A FORMER MP has warned that Cumbria will "fight to the end" to stop York’s Askham Bryan College selling off a campus in Penrith.

Lord Dale Campbell-Savours said that he and other campaigners against the sale of Newton Rigg had a "team of first class lawyers working on our case, ready to act if necessary in the courts".

He spoke out as the York college revealed that its sale of Newton Rigg, launched on Tuesday, includes two farms which have a combined guide price of more than £7 million: Sewborwens Farm, in Penrith, with a guide price of £5,500,000 and Low Beckside Farm in Mungrisdale, with guide price of £1,725,000.

However, a spokeswoman said the campus itself was involved in a marketing and tender process without a guide price being issued to interested parties at this stage.

The Press reported on Tuesday that the sale was going ahead despite a storm of protest in Cumbria, which culminated in MPs slamming it as an "absolute disgrace" at a Defra select committee meeting in March.
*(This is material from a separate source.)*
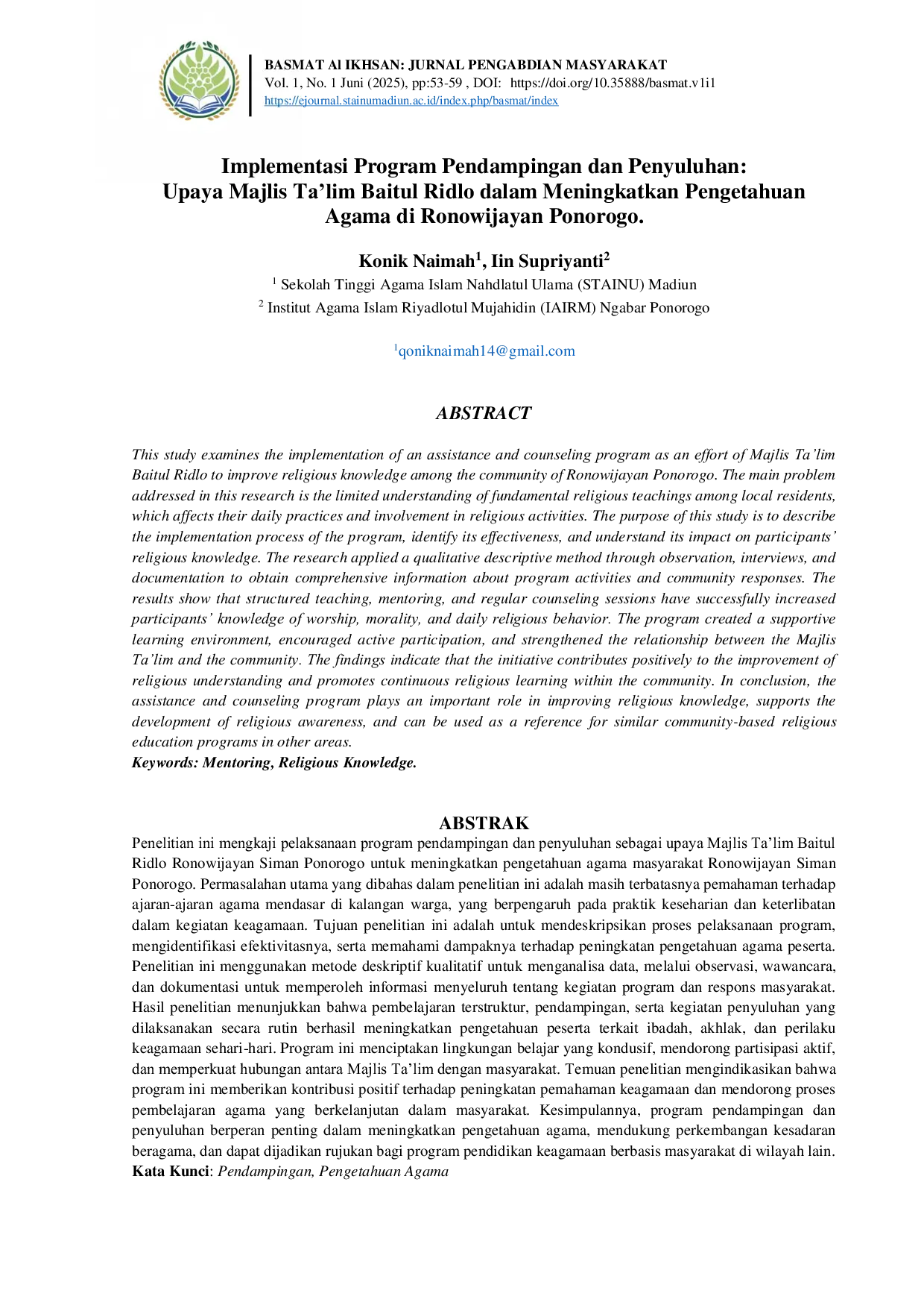 Basmat Al Ikhsan: Jurnal Pengabdian MasyarakatBasmat Al Ikhsan: Jurnal Pengabdian MasyarakatPenelitian ini mengkaji pelaksanaan program pendampingan dan penyuluhan sebagai upaya Majlis Talim Baitul Ridlo Ronowijayan Siman Ponorogo untuk meningkatkan pengetahuan agama masyarakat Ronowijayan Siman Ponorogo. Permasalahan utama yang dibahas dalam penelitian ini adalah masih terbatasnya pemahaman terhadap ajaran-ajaran agama mendasar di kalangan warga, yang berpengaruh pada praktik keseharian dan keterlibatan dalam kegiatan keagamaan. Tujuan penelitian ini adalah untuk mendeskripsikan proses pelaksanaan program, mengidentifikasi efektivitasnya, serta memahami dampaknya terhadap peningkatan pengetahuan agama peserta. Penelitian ini menggunakan metode deskriptif kualitatif untuk menganalisa data, melalui observasi, wawancara, dan dokumentasi untuk memperoleh informasi menyeluruh tentang kegiatan program dan respons masyarakat. Hasil penelitian menunjukkan bahwa pembelajaran terstruktur, pendampingan, serta kegiatan penyuluhan yang dilaksanakan secara rutin berhasil meningkatkan pengetahuan peserta terkait ibadah, akhlak, dan perilaku keagamaan sehari-hari. Program ini menciptakan lingkungan belajar yang kondusif, mendorong partisipasi aktif, dan memperkuat hubungan antara Majlis Talim dengan masyarakat. Temuan penelitian mengindikasikan bahwa program ini memberikan kontribusi positif terhadap peningkatan pemahaman keagamaan dan mendorong proses pembelajaran agama yang berkelanjutan dalam masyarakat. Kesimpulannya, program pendampingan dan penyuluhan berperan penting dalam meningkatkan pengetahuan agama, mendukung perkembangan kesadaran beragama, dan dapat dijadikan rujukan bagi program pendidikan keagamaan berbasis masyarakat di wilayah lain.

Lord Campbell-Savours, the former long-serving MP for Workington, said yesterday in a statement: “The people of York need to know that their fine college with its equally historic traditions is now asset stripping on a scale unparalleled in my 42 years in the Commons and now in the Lords.”

He claimed Newton Rigg was "perfectly viable" as an agricultural college if properly managed by a new generation of Cumbrians working on site and not in York.

He added: “I along with thousands of Cumbrians of all political persuasions are outraged by Askham Bryan’s actions.”

College principal and CEO Tim Whitaker said it was "legally within its rights" to proceed with the closure and sale of the campus, and this had been confirmed by Government minister Gillian Keegan.

He also said the college "strongly refutes" asset stripping claims after having invested more than £4.4 million in capital and subsidised a significant annual operating deficit at Newton Rigg.

He added: “The college estimates that this subsidy amounts to up to £7 million between 2011 and 2020.”